For Natalie, though, everything changes when she bangs her head while fighting off a mugger. Her mundane life is tinted through rosy rom-com glasses. Suddenly, all the things that sucked about her life are gone, and everything is beautiful and perfect. But was her life so bad before? It didn't really seem to be.

And yet, looking around the theater at the mostly white, female audience, I accepted that my feelings didn't seem to be shared. But that almost seems to be by design; this feels like a movie for a white, female audience. There is only one person of color in the movie who even has a name: It's Isabelle (Priyanka Chopra), who shows up about halfway through the film—after everything has been rom-com filtered—as a yoga ambassador and swimsuit model. But a name is all Isabella has. A supporting character at best, she doesn't have any connection to anyone other than her white boyfriend, and is sketchily drawn. We learn nothing of her familial or ethnic background, and, even when she is shown at her wedding, there is nobody from her family celebrating with her. This huge oversight is particularly bizarre, given that Natalie has already bemoaned the lack of diversity in romantic films.

Another huge oversight? The presence of the word "fat." I don't think I heard it used a single time. Natalie only references her weight indirectly, by commenting on the appearance of straight-sized women; when talking about her own body, the word "fat" is replaced with "girl like me." But by ignoring this aspect of herself, and refusing to address it head-on, Natalie is succumbing to the same fatphobia that shapes her world, whether she identifies it as being a problem or not.
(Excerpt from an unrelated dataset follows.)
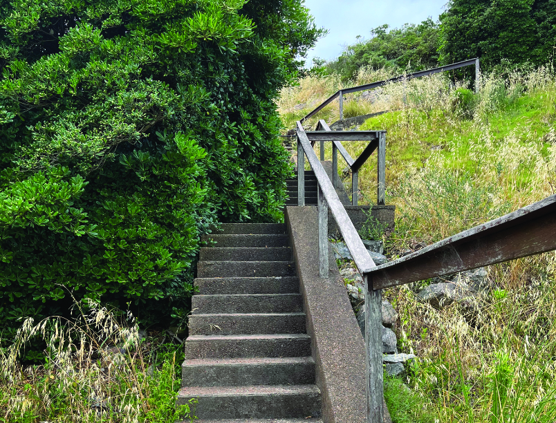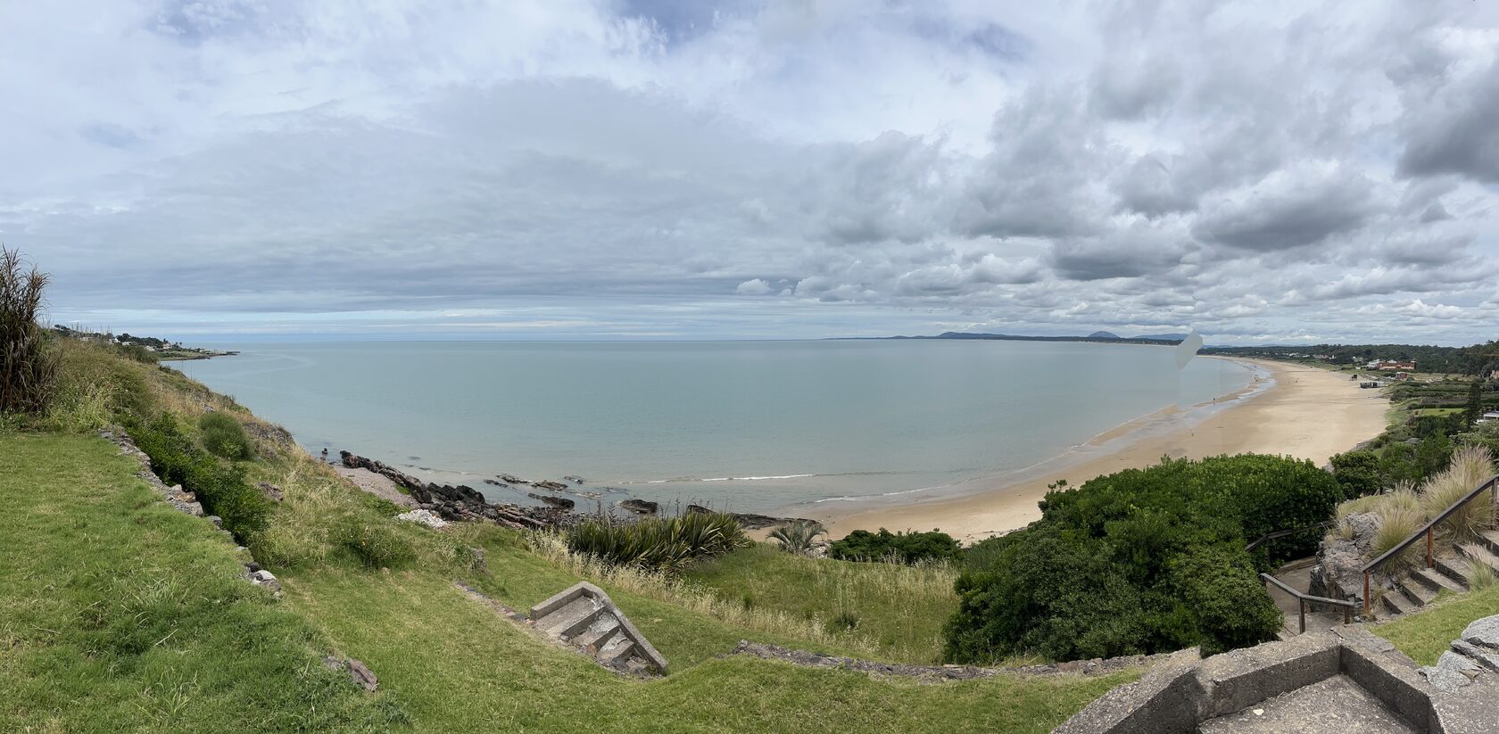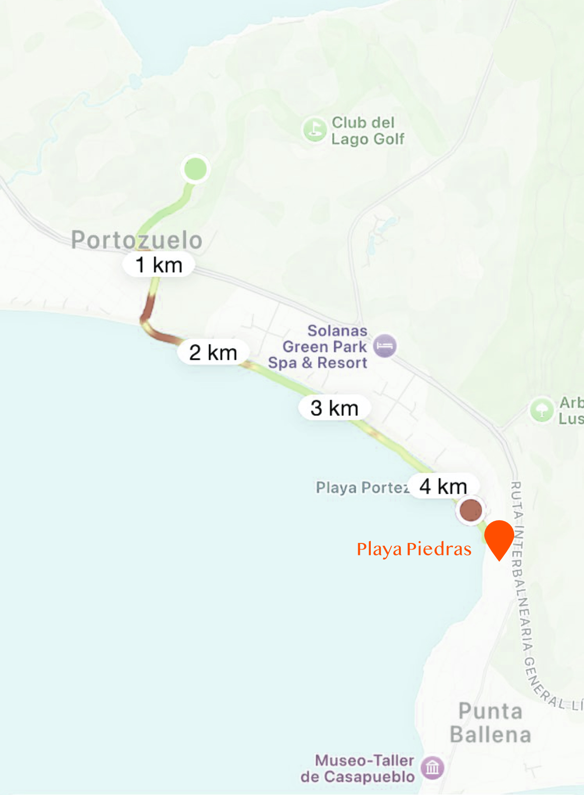 Unos pasos antes de las piedras que delimitan el final (o inicio) de la Playa Portezuelo hay una escalera de piedra, un poco escondida, y de apareciencia privada, su uso está permitido y permite ascender hasta una esplanada mirador.

Before her life becomes a rom-com, Natalie feels invisible at work and in the world. Some of this is certainly her fault, but fatphobia is also at play. Fatphobia chips away at the humanity of fat people from different angles. It means that Natalie gets used to being dehumanized; she doesn't expect others to have empathy for her when she's physically hurt, because they don't value her body. And it's no coincidence that Natalie's fantasy world includes a magically bigger apartment with unlimited clothing options, because discrimination against fat people isn't just a matter aesthetics and preferences—it affects everything from our ability to dress ourselves to our ability to make and save money, since there's a price to pay for being fat, even if it's just having to pay more to travel. Just as much as gender and race intersect with fat bodies, so, too, do economics and class.

I knew I could count on a plus-sized white comedian to take down a genre of films that prioritized thin women. But I ventured to see if Wilson could go further than that, and challenge what it means to be white and well-off and fat in the process; it isn't just about taking down rom-coms but about doing so in a way that isn't just a mouthpiece for white feminist values. But, in the end, that isn't what happened. Isn't It Romantic is fine, but it needed to do more than target an audience of girls who are 10 to 30 pounds overweight and still too jolted by the word "fat" to ever apply it to themselves, so they go for acceptable alternatives, like curvy, plus-sized—or thicc, if they're hip. But I'm not afraid to say I'm fat, I'm just disappointed I will be waiting even longer to see a realistic reflection of that experience onscreen.

Isn't It Romantic is in theaters now.